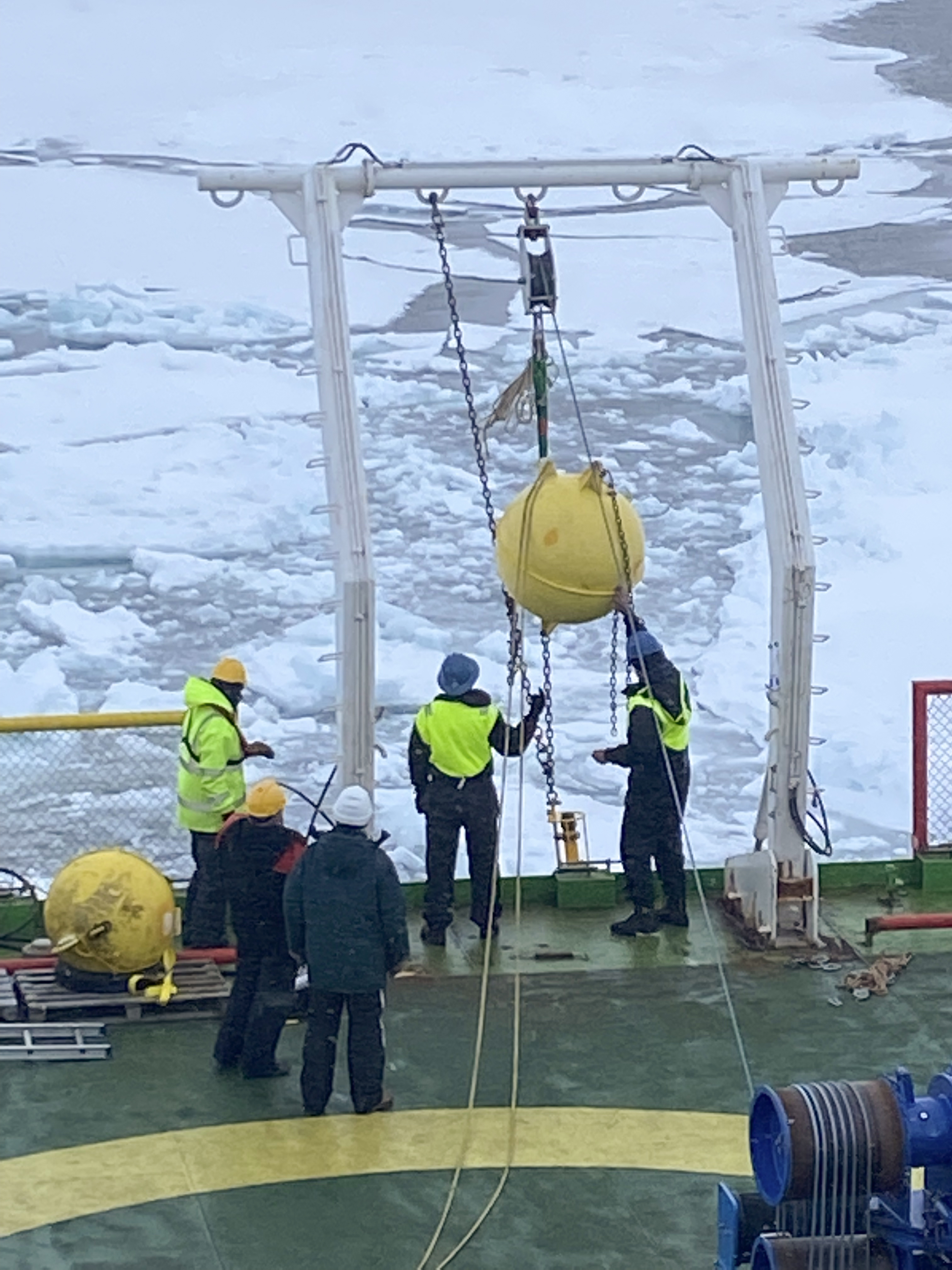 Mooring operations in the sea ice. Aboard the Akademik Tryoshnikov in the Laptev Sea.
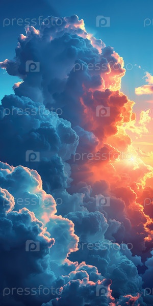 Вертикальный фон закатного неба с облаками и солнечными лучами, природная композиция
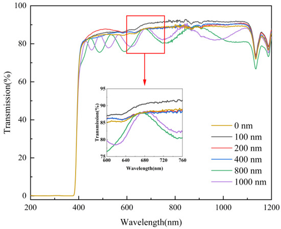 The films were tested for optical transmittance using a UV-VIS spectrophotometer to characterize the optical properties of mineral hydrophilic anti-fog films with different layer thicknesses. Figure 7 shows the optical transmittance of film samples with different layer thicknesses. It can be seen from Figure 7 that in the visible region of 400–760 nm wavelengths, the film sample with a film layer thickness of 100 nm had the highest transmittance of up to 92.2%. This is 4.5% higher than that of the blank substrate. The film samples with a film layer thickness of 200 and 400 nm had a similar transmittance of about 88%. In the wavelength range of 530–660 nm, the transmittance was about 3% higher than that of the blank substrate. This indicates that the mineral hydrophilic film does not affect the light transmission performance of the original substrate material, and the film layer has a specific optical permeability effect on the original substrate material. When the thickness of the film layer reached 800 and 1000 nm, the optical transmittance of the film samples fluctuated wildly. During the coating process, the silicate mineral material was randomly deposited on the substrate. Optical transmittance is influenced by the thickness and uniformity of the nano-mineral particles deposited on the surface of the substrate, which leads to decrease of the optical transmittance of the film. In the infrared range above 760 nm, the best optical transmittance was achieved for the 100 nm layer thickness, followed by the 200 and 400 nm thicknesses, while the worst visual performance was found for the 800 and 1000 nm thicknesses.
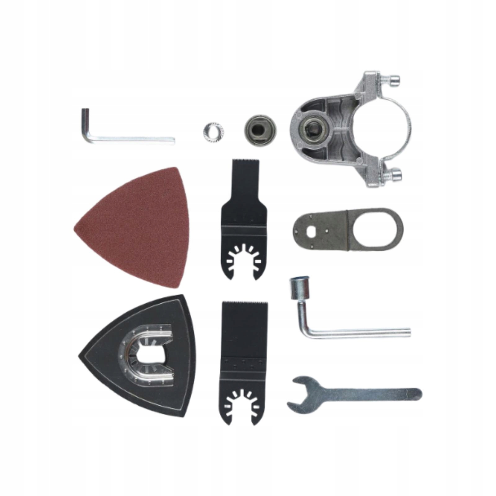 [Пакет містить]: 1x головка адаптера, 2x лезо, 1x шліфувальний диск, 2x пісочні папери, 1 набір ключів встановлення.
####
YOUR TASK: Repeat the full listing above exactly, with no pictures in the copy.

THE COMPLETED TASK:
 Mooring operations in the sea ice. Aboard the Akademik Tryoshnikov in the Laptev Sea.
 Вертикальный фон закатного неба с облаками и солнечными лучами, природная композиция
 The films were tested for optical transmittance using a UV-VIS spectrophotometer to characterize the optical properties of mineral hydrophilic anti-fog films with different layer thicknesses. Figure 7 shows the optical transmittance of film samples with different layer thicknesses. It can be seen from Figure 7 that in the visible region of 400–760 nm wavelengths, the film sample with a film layer thickness of 100 nm had the highest transmittance of up to 92.2%. This is 4.5% higher than that of the blank substrate. The film samples with a film layer thickness of 200 and 400 nm had a similar transmittance of about 88%. In the wavelength range of 530–660 nm, the transmittance was about 3% higher than that of the blank substrate. This indicates that the mineral hydrophilic film does not affect the light transmission performance of the original substrate material, and the film layer has a specific optical permeability effect on the original substrate material. When the thickness of the film layer reached 800 and 1000 nm, the optical transmittance of the film samples fluctuated wildly. During the coating process, the silicate mineral material was randomly deposited on the substrate. Optical transmittance is influenced by the thickness and uniformity of the nano-mineral particles deposited on the surface of the substrate, which leads to decrease of the optical transmittance of the film. In the infrared range above 760 nm, the best optical transmittance was achieved for the 100 nm layer thickness, followed by the 200 and 400 nm thicknesses, while the worst visual performance was found for the 800 and 1000 nm thicknesses.
 [Пакет містить]: 1x головка адаптера, 2x лезо, 1x шліфувальний диск, 2x пісочні папери, 1 набір ключів встановлення.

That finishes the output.